The main programme of 21 films is:

  • Kelly+Victor, Kieran Evans
  • Bad Hair, Mariana Rondon
  • Black Coal. Thin Ice, Diao Yinan
  • Boyhood, Richard Linklater
  • All Is Lost, J. C. Chandor
  • Stratos, Yannis Economides
  • Ida, Pawel Pawlikowski
  • In Order Of Disappearance, Peter Molland
  • Force Majeure – Turist, Ruben Ostlund
  • Varvari, Ivan Ikić
  • Ana Ana, Petr Lom
  • Djeca Tranzicije, Matija Vukšić
  • Paris Of The North, Hafsteinn Gunnar Sigurdsson
  • Frank, Lenny Abrahamson
  • Broj 55, Kristijan Milić
  • Police Officer’s Wife, Phillip Groening
  • Tribe, Miroslav Slaboshpitsky
  • Blind, Eskil Vogt
  • Human Capital, Paolo Virzi
  • Final Cut, Gyorgy Palfi

A surprise film will be added later.

The unusual ‘jury in exile’ will be comprised of people live in exile, are under house arrest or experience travel bans. Femen’s Inna Schevchenko from the Ukraine will be in Motovun but remote jurors will include Natalia Kaliada and Nicolai Khalezin of the Belarus Free Theatre and Syria’s Ala’a Basatneh better known as #chicagogirl; and there will be an ‘empty chair’ on the jury in honour of Ukranian filmmaker Oleg Sentsov, who is currently in Lefortovo prison.

“If last year was the year we ‘cheered-up’ our selection, by taking back more ‘crowd pleasers’ into the Main Square,” said festival president (and film producer) Mike Downey. “Having gone down a depressing “post Communist angst” route in previous years - this year we have gone for films and sidebars which are not only entertaining but also socially engaged and many with a strong human rights element. Film can be an agent for change – and so can a film festival, and this is the route we have taken this year.”

Guests headed to the Croatian mountain town this year will include Stephen Daldry, presenting Billy Elliott during the 30th anniversary of the UK miners’ strike, Ida writer Rebecca Lenkiewicz, Icelandic author Haffstein Gunnar Sigurdsson, Russian director Andrej Zvjagintsev [pictured] (who will collect the Maverick Award), and Croatian musician Arsen Dedic.

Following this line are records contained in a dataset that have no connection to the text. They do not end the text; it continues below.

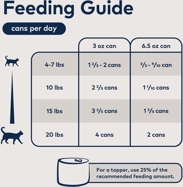 3-oz: For every 8.8 lb. of cat body weight, feed approx. 2 cans per day.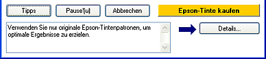 In einem Textfeld unten im Dialogfeld des Fortschrittsbalkens erscheinen Tipps, wie Sie den Epson-Druckertreiber optimal einsetzen können. Alle 30 Sekunden erscheint ein neuer Tipp. Wenn Sie mehr Informationen zum angezeigten Tipp wünschen, klicken Sie auf die Schaltfläche Details.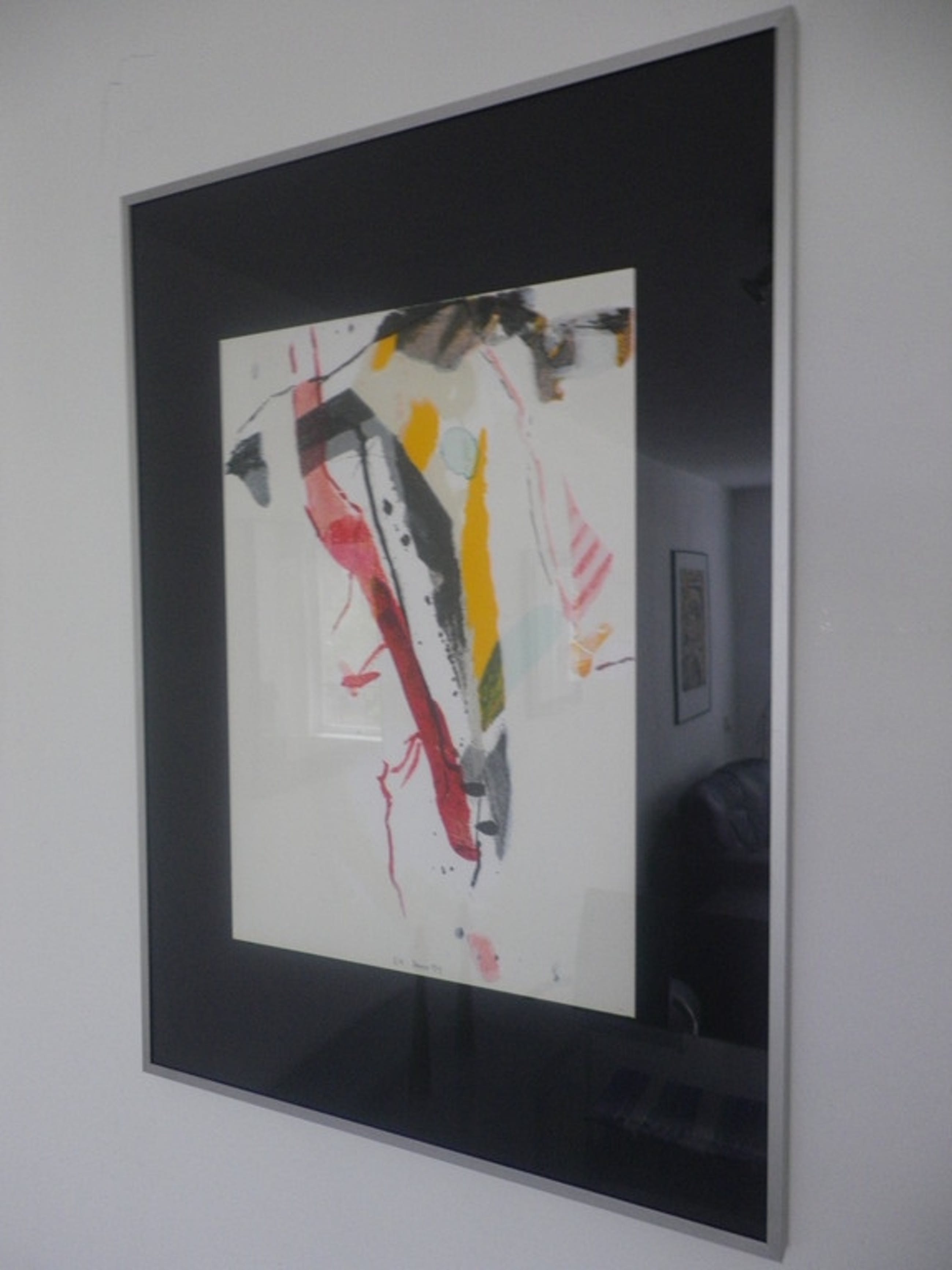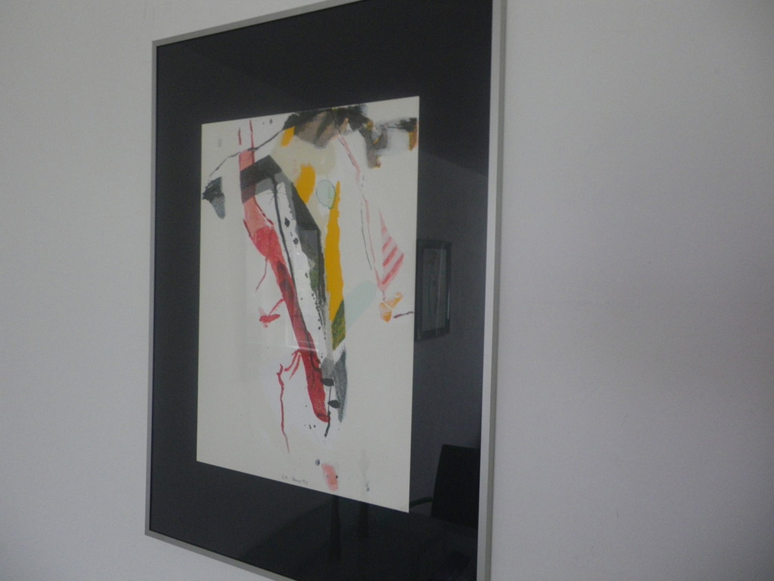 prachtige abstracte zeefdruk ingelijst maten 70x50 cm , genummerd en gesigneerd.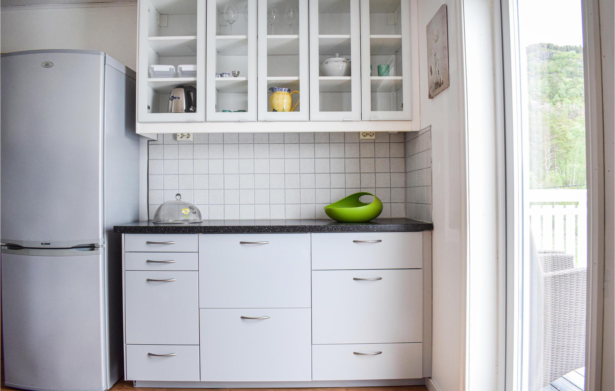 Von der Küche aus haben Sie Zugang zu einer großen Terrasse, von der man den Blick über den Fjord genießen kann. Starten Sie den Tag hier mit einem leckeren Frühstück und planen Sie die Aktivitäten des Tages.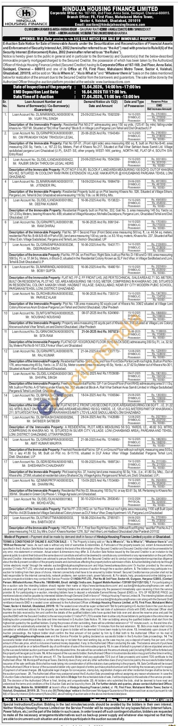 Description of the Immovable Property: PLOT NO F-514,(R) BLOCK-F, LAND AREA MEASURING 100 SQYD, OUT OF KHASRA NO-162, SITUATED IN COOLONY RAM PARK EXTENSION VILLAGE HAKIKATPUR @KHUDABANS PARGANA TEHSIL LONI GHAZIABAD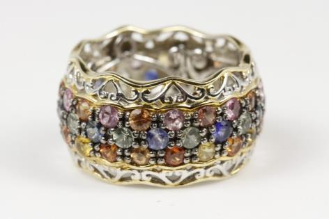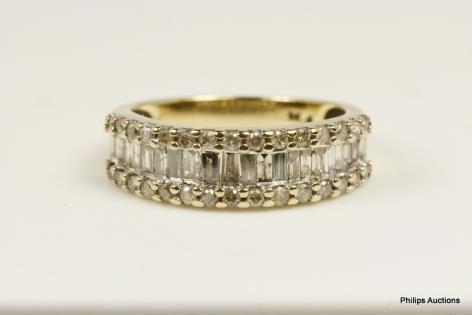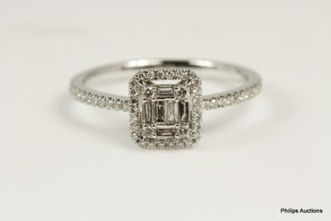 A RECTANGULAR MULTI STONE DIAMOND SET DRESS RING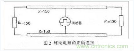 ②阻抗不連續(xù),顧名思義,與光從一種媒質(zhì)進(jìn)入另一種媒質(zhì)時所引起的反射是相似的。信號在傳輸線末端突然遇到電纜阻抗很小甚至沒有,信號在這個地方就會引起反射。消除這種反射最常用的方法,是在電纜的末端跨接一個與電纜的特性阻抗同樣大小的終端電阻,使電纜的阻抗連續(xù)。由于信號在電纜上的傳輸是雙向的,因此,在通訊電纜的另一端同樣要跨接一個相同大小的終端電阻,如圖2所示。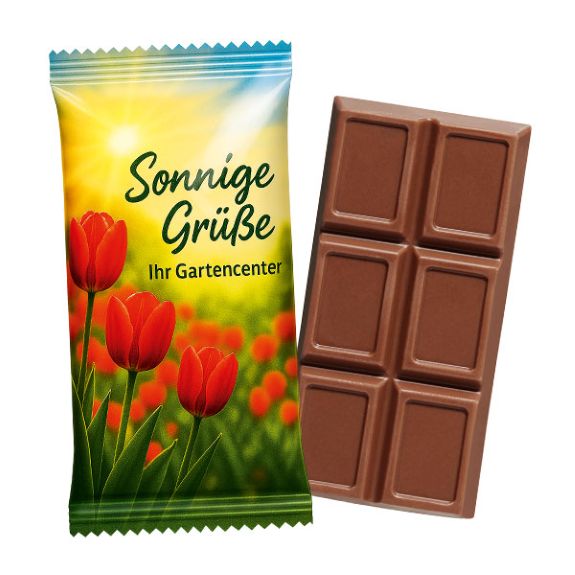 Wenn Sie Ihren Kunden eine Freude machen wollen, dann entscheiden Sie sich die Fairtrade Schoko-Tafel aus feinster Deutscher Edel-Vollmilchschokolade individuell zu bedrucken. Weiterhin hat die Schokotafel einen Kakaoanteil von 35% mindestens. Ebenfalls ist jede Schokoladentafel einzeln verpackt im Werbeflowpack aus weißer Folie.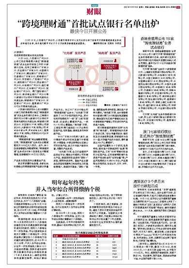 最快今日开展业务 10月18日,人民银行广州分行、人民银行深圳市中心支行分别公布了首批可开展跨境理财通业务试点的银行名单,相关银行最早可以于今日开始提供跨境理财通服务。■新快报记者 范昊怡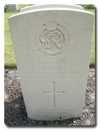 | Notes: | CMP. He was born and resided in Lancashire and formerly served in the Manchester Regiment. 247 Pro Coy War Diary WO 171/10801. 6/1/1946, Brussels, notification received at this HQ of the death of L/Cpl J Smith of this unit who died at 108 General Hospital. 7/1/1946 funeral of the late L/Cpl smith of this unit, friends given full opportunity to attend. Casualty List 1961/6, North West Europe, died as a result of an accident, 5/1/1946. 7/9/49 He was awarded the 1939-1945 Star, Africa Star with 1 army clasp, France & Germany Star, Defence Medal, War Medal. Address:- Mrs E Smith, 64 Warrington road, Glazebury, Nr. Manchester, Lancs. Inscription on gravestone: The day thou gaveth Lord is ended, the dawn leads to another day. James Smith |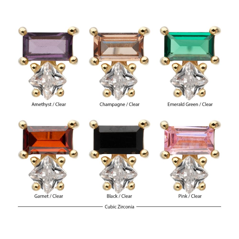 14Kt Yellow Gold Threadless Baguette & Square Prong Set Multi-Gem Top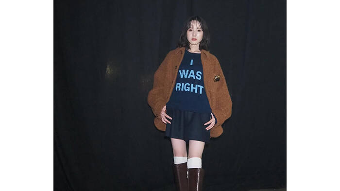 山本里菜は白いふわふわ素材の襟付きトップスに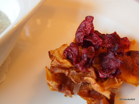 Annoksen ehdottomasti parasta antia olivat kuitenkin juuressipsit! Oooooh! Ohuita ja rapeita. Näitä olisi mennyt enemmänkin. Jos olisin oikein viitseliäs, niin valmistaisin näitä itse kotinaposteltaviksi. Lehtikaalisipsit ovat ihan ok, mutta näissä juuressipseissä on taikaa!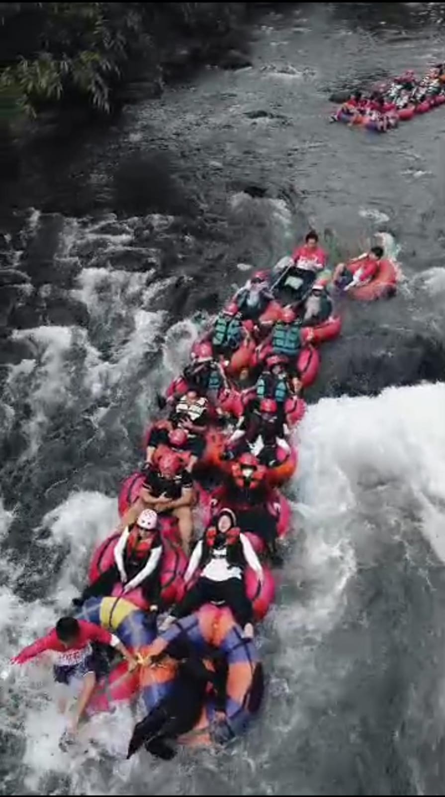 Dengan ban pelampung sederhana yang diduduki dan saling bersambung, mereka menyusuri arus sungai yang kadang tenang, kadang deras, bahkan sesekali beriak dan bergelombang. Suara gemercik air yang memantul ke batu-batu di tepi sungai terasa seperti lantunan musik alam yang menenangkan jiwa. Udara sejuk yang bersih dan segar, jauh dari hiruk pikuk serta polusi kota, membuat hati semakin damai dan lapang.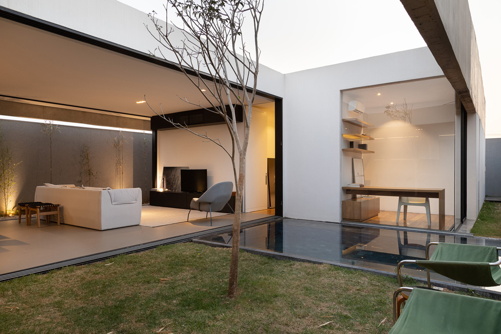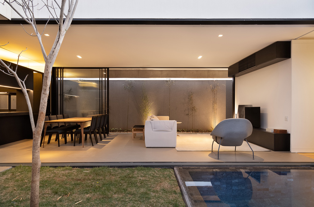 Hunian bergaya vila akan semakin cantik dengan lampu berwarna kuning dan temaram (Foto: Daniel Santo/ gruta.arquitetos/ Archdaily)

Turkey will be the partner country of 2014, with filmmakers such as Yesim Ustaoglu coming to Motovun for a programme of eight Turkish features.

One programme innovation will be screening children’s and youth films from Buzz@teen in the neighbouring town of Buzet. Titles will include Antboy, Supernova, Baikonur and We Are The Best!

A strand of artists’ documentaries will include the Nick Cave project 20,000 Days on Earth directed by Iain Forsyth and Jane Pollard, Damjan Kozole’s Projekt: Rak and Michel Gondry’s Is The Man Who Is Tall Happy?.

There will also be 30 short films in the programme.